• Most legal highs out but some may return
• Party pills king plans comeback factory
Dairies, service stations and grocery stores will automatically be banned from selling synthetic cannabis and other legal highs from as early as July.
All other shopkeepers will need a licence to sell designer drugs under the Psychoactive Substances Bill, which is expected to force most of the controversial products off the shelves within the next few months.
Associate Health Minister Peter Dunne announced this week he was fast-tracking the law change, after widespread community anger at the sale of synthetic cannabis products such as K2 from many corner dairies, which are turning over up to $15,000 worth of drugs a month.
Police, courts, doctors and parents have blamed the drugs for a national outbreak of crime and anti-social behaviour, including violence, psychotic outbursts and rapid addiction similar to methamphetamine use.

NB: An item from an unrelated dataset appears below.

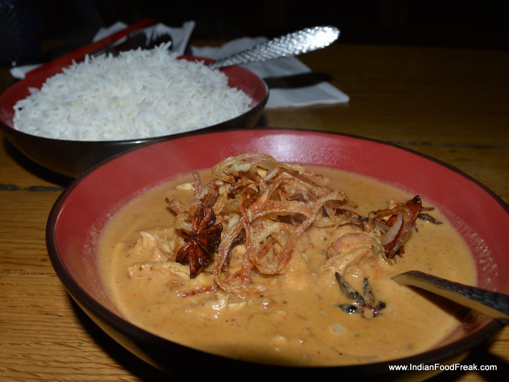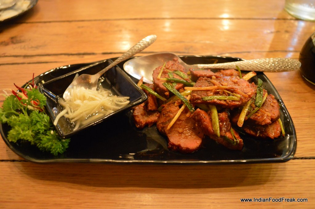 massaman curryThe scallion and ginger pork (375) was another interesting dish, only if the pork was a trifle thin. To end the meal we were strongly recommended Indonesian Muslim (massaman) Chicken Curry (375). Excellent aroma of star anise and cardamom filled the table. The curry was excellent. It would have been a brilliant dish if it used whole or boneless chicken instead of shredded one. However it is a dish with a Thai origin. Not able to understand the Indonesian connect.

But under current laws, the Government has been powerless to stop their sale, as manufacturers can rapidly change the chemical formula to get around each new ban.
The law change - originally planned for August 1 but now expected to be weeks earlier - will force drug makers to prove their products are safe before they go on sale. The immediate effect will be that most drugs can no longer be sold but in a few years, some may pass the rigorous tests and become legal.
Medical experts and the legal-high industry are divided over whether the end result will be the world's first legal, regulated drug market - with a line-up of other countries poised to follow - or the tests will be so strict and costly no drugs will get through.
Mr Dunne told the Weekend Herald that the bar would be set high but the testing was not intended to create a de facto ban on all new drugs.
"If products survive that testing regime, then whatever one might think of them personally, it's pretty difficult to prohibit them from being on the shelves in New Zealand."
He said the approved drugs would probably be milder than the synthetic cannabis products that were causing so much concern. That might mean some users turned to illegal drugs for a bigger high but at least the distinction between legal and illegal drugs would be clear.
Mr Dunne said any retailer selling an approved drug would need a licence, similar to a liquor licence, which could be removed if they sold products irresponsibly.
Former party pill king Matt Bowden, regarded as the chemistry brain behind the banned synthetic cannabis products Kronic and K2, has told the select committee considering the bill that his Stargate company is planning a new manufacturing plant to meet the high standards required.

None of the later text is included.